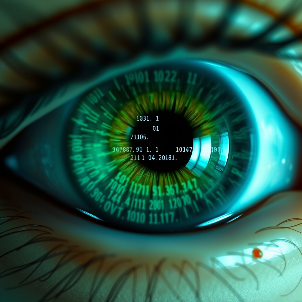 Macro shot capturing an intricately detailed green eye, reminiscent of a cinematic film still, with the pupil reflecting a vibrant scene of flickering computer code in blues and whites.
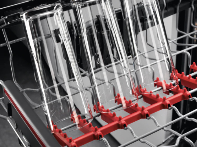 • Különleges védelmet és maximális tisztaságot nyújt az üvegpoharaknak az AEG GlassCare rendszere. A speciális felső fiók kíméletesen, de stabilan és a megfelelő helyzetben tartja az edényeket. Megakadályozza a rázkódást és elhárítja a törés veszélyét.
...
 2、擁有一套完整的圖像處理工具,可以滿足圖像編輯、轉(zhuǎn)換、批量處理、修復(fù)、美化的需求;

### Brief
Begin at the line in the entries above that has "Macro shot capturing", stop after the line that has "a törés veszélyét.", and output exactly those lines without pictures.

### Exercise response
 Macro shot capturing an intricately detailed green eye, reminiscent of a cinematic film still, with the pupil reflecting a vibrant scene of flickering computer code in blues and whites.
 • Különleges védelmet és maximális tisztaságot nyújt az üvegpoharaknak az AEG GlassCare rendszere. A speciális felső fiók kíméletesen, de stabilan és a megfelelő helyzetben tartja az edényeket. Megakadályozza a rázkódást és elhárítja a törés veszélyét.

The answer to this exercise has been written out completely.